Friday, May 28, 2010

False Friend

I’ve said it before but we’re having an unusual spring – much cooler and wetter than normal. It’s fine for me. I don’t think it’s particularly cold or particularly wet. Certainly not by Portland standards. However, this week was a normal week for spring. Oh crap. It’s hot. Not really, but it’s ”afoso, humido cento percento. I can’t stand it. It feels like this maybe a week out of the year in Portland and it's a horrible week. It feels like this maybe five months out of the year in Ancona. Porca miseria! Constantly sticky. Oppressive. I need a shower after walking up the four flights of stairs to the office in the morning. I need a shower after eating lunch. I need a shower after walking home in the evening. My hands always feel dirty. On the plus side, this sort of weather is condusive to thunderstorms and we get some doozies complete with sheet lightning, stomach rattling thunder and fat drops of rain. Fortunately, on most evenings, a breeze usually starts blowing in the early evening and the air clears-up and the temperatures come down.

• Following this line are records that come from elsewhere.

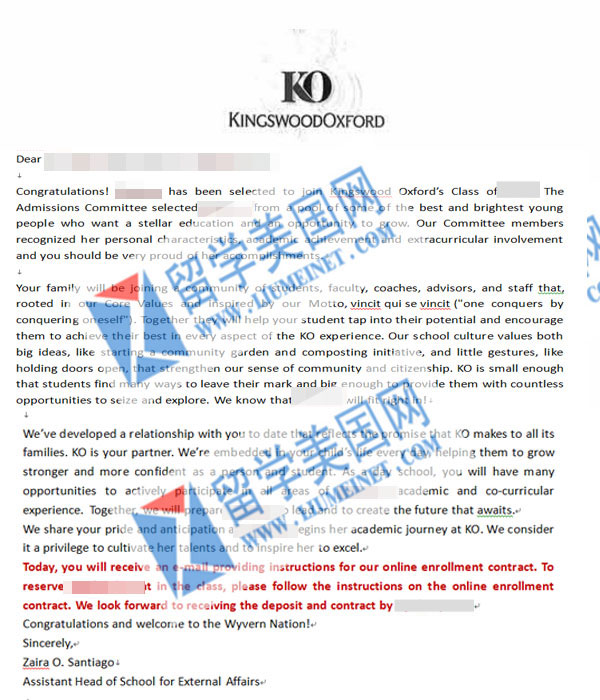 恭喜留学美国网W同学成功拿到了金斯伍德学校的offer,祝W同学在美国学习顺利健康成长。
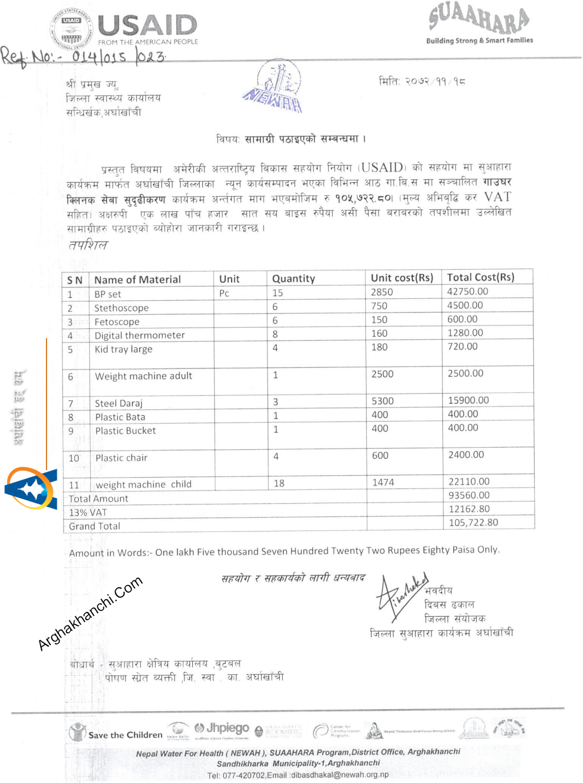 USAID को आर्थिक सहयोग एवम सुआहारा कार्यक्रमबाट जिल्ला स्वास्थ्य कार्यालय मार्फत १ लाख पाँच हजार रूपैंयाँ बराबरको स्वास्थ्य सामग्री हस्तान्तरण गरिएको हो ।
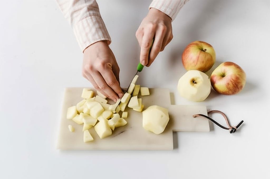 Jabłka płuczemy, zdejmujemy skórkę i siekamy w kostkę.
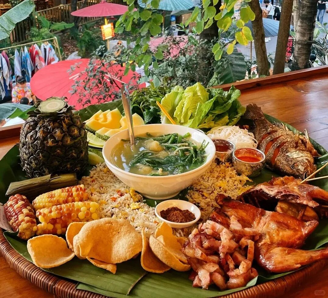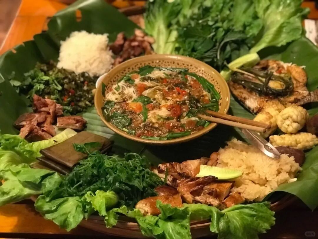 西双版纳美食融合傣族传统与热带风味,酸辣开胃、香料丰富、口感清新自然。傣味烤鱼外焦里嫩,香茅、辣椒与蒜的味道让人回味无穷;竹筒饭将米香与肉香紧紧封存于竹筒中,蒸汽中溢出的香气令人食欲大开;菠萝饭酸甜清爽,带有热带风情;让人在每一口中感受傣族的热情与西双版纳独特的自然风味。
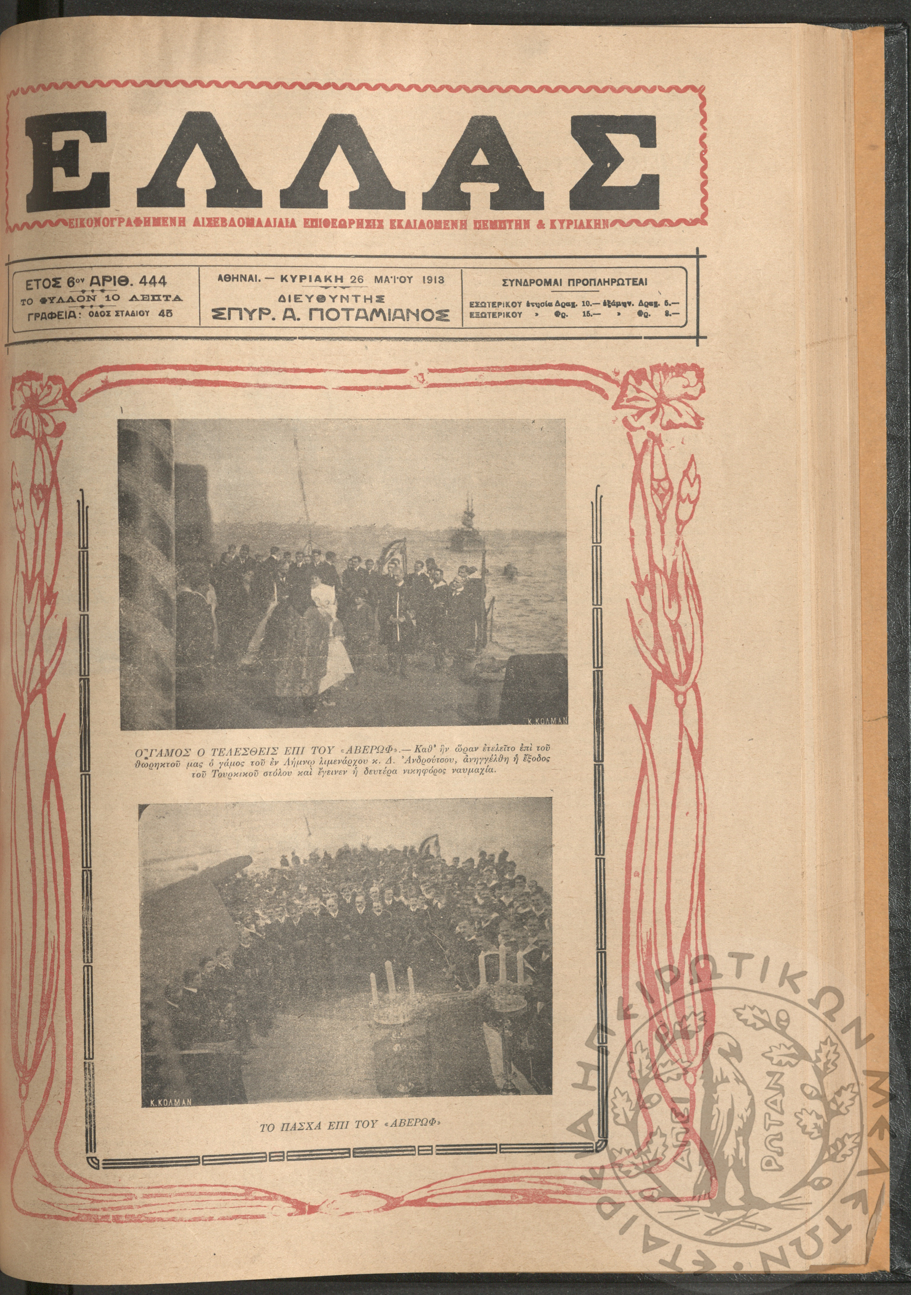 Ελλάς: εικονογραφημένη δισεβδομαδιαία επιθεώρησις εκδιδόμενη Πέμπτην και Κυριακήν (τεύχ. 444)Έτος ΣΤ', τεύχ. 444...
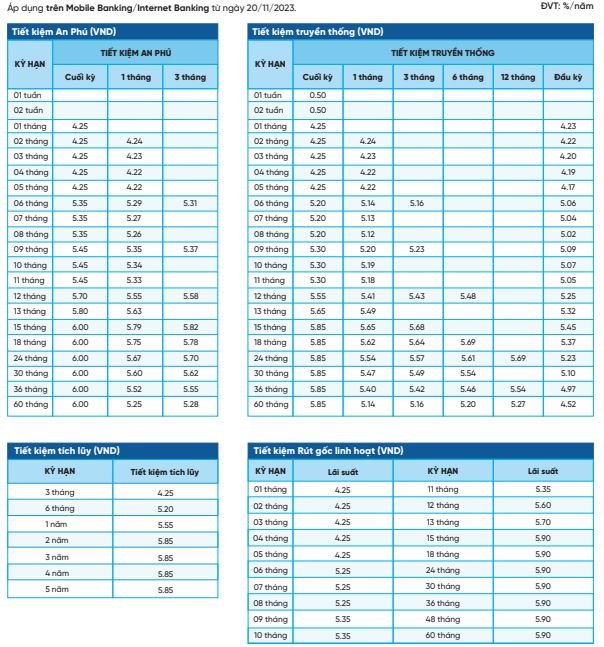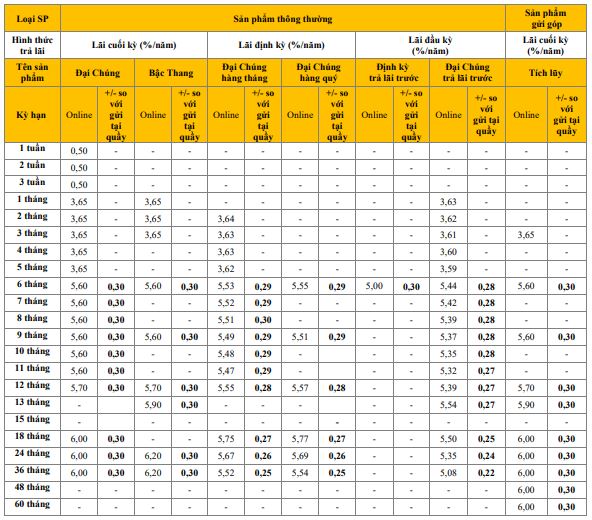* Thông tin về lãi suất chỉ mang tính chất tham khảo và có thể thay đổi trong từng thời kì. Vui lòng liên hệ điểm giao dịch ngân hàng gần nhất hoặc hotline để được tư vấn cụ thể.

With the warm weather, life is moving from inside to outside. The night air rings with the sound of people freed from the clasp of their winter solitude, set loose on the sidewalks and squares of the neighborhood. My apartment is in a building that backs onto an open square in the center that is bordered by separate buildings on the other three sides. In a nicer complex, the open square would be a garden or a courtyard but in ours we have a parking lot. Va bè. As life moves outside, the evenings are filled with the sounds of the residents in the other apartments: the couple arguing about something from the day, an old lady singing to herself as she hangs her laundry, two young sisters playing on their porch, a father singing to his baby-daughter as her puts her to bed. There is something to be said for having a house and the space and privacy it affords (and I certainly miss my basement full of bikes) but it’s also charming and comforting to be surrounded by these lives and to share a glance or a smile with a neighbor on a balcony across the way.

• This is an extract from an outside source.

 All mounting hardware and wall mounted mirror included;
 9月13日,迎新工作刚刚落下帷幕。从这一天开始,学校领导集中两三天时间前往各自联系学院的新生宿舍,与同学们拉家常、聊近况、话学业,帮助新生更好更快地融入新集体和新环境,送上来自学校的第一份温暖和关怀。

I don’t see much of the neighbors who live on the floor below me, but two floors down I know there is an older couple, retired I think. The wife is a whiz of a cook and most mornings, as I walk down to go to work she is already busy preparing the meals for the day and I can smell the results from the floor above to the floor below. On Thursday, it was some kind of roast, the air heavy with the smells of browning meat, roasting garlic and other spices. The memory of those smells left me hungry for the rest of the day and completely unsatisfied with anything I had to eat.

On Wednesday we had a staff meeting to be introduced to the new workflow software that is being installed. I haven’t had to be in a meeting since I started working at PSG, and business meetings are a lot like running. You have to train for them and then keep doing them or you get badly out of shape which leads to serious bodily injury! I had forgotten how exhausting they could be. Add to that the effort to understand and follow the presentation which was being conducted in Italian. The main theme? Check. Details? We don't bother with details. I definitely strained my thought muscle. I did find very interesting the name of the software though: “Nemesys”!

Although spelled differently in English, after seeing how the program works, as they say, the irony fairly drips off the name. I doubt that the creators know, or even care (indeed why should they?) what the name of their software implies in English, but I fervently hope they decide to release it in the US market. It would cause a sensation – at least in segment of the population looking to purchase workflow software with ironic names. You see, what we have here is a case of a False Friend - a pair of words in two languages that look the same but have entirely different meanings. In the sweet language of Italian, Nemesi means “divine justice”. Of course in English it means “archenemy” which this software is no doubt going to be. No matter how you cook this egg it turns up scrambled. While we’re at this, beware the stranger bearing gifts that is Idiosincrasia meaning “a strong dislike” in Italian and in English as Idiosyncrasy, “a peculiar behavior or temperament” . Ain’t it grand?

For this weekend, if I can convince someone to go with me (and by that I mean someone with a car who feels like driving) I hope to catch the final game of the season for the Ancona Dolphins. It’s an 8 game season. The Dolphins have played 7 of their8. They have lost 7. On Saturday they play for pride (more important than any trophy) against the Bolzano Giants (4-3), a fearsome team with a powerful offense but a suspect defense (I made that last part up).


American football in Italy is a real thing. It's little understood, hardly followed, and for the most part poorly played (albeit with passion and enthusiasm) by athletes with little or no previous familiarity with the sport. For those who want more, John Grisham wrote a not incredibly interesting short novel called Playing For Pizza that looks at Italian life, culture and food through the eyes of an American quarterback playing in the Italian league.

Heavy snow is in the forecast in the Gavia Pass tomorrow. Hopefully it's bad enough to make for a memorable day without being so bad that they have to use the alternate route.